Speaking of time, this is another way to lower your risk. In reality, the risk taken with your money is generally the same on a day-to-day basis. However, when looking at a short-term versus a long-term investment timeline, the short-term is much more volatile and thus, risky. Over the long haul, most solid investments will overcome general market fluctuations and rise in value. However, over a short span, nearly every investment will fall in value at many different points in time. Counting on good results over a narrow range in time is very risky, since no one can predict what will make the markets move over the short term. The less time you have to save, the less risky your investment should be.

For example, let’s say you have two investors who wish to retire at age 65 with £1 million. Investor A is 30 years old and Investor B is 50 and both start with the same amount of money. Although the 50 year old has less time to accumulate his £1 million, he should be much more cautious and therefore willing to accept lower expected returns, even if it means he will not reach his goal. The reason is because of the risk of market adjustments and fluctuations. Imagine both place their money in the same investment and we fast forward 10 years. Both are nearing their goal of £1 million, with £800,000 each, now at age 40 and 60 respectively.

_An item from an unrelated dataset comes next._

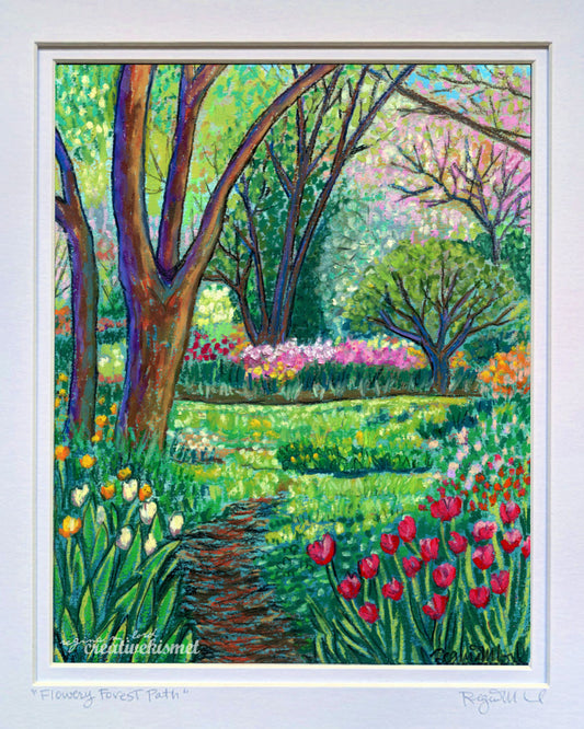 Flowery Forest Path - 11 x 14 Matted Original Painting - Oil Pastel

Suddenly the market adjusts and both investors lose a quarter of their portfolio value, leaving them with £600,000. Investor A still has 25 years to make it up, while investor B only has 5. Had Investor B been more conservative, perhaps he would only have had £725,000 before the adjustment but since his portfolio was less risky, maybe he only loses 10% instead of 25%. He now has £652,500. Although he had accumulated less money, he now has more money than Investor A because he was smart enough to realize that he had to be conservative as a result of the shortened investment timeline.

Hedging Your Portfolio

One final way you can reduce your risk is to hedge your portfolio. Hedging is an investment practice that acts almost as insurance against a negative outcome. It does not prevent the negative outcome, does not completely counteract it and sometime does not even work at all. However, done correctly, a hedge will reduce your overall risk and can greatly aid in protecting your valued portfolio. We will discuss hedging in later chapters, but some of the possible hedge investments include commodities, gold, silver, forex and options trading.

All Investments Have Risk

There is no way to eliminate risk when investing; even investments that seem incredibly safe, and may very well be incredibly safe, have some form of risk involved. The key to smart investing is to minimize your risk whenever possible. The safest, most efficient and often most cost-effective way of achieving your goal of lowered risk is diversification. Diversify over a number of different companies in different market sectors and even over a wide range of investment types. In the long run, your bank account will be healthier and perhaps your heart too.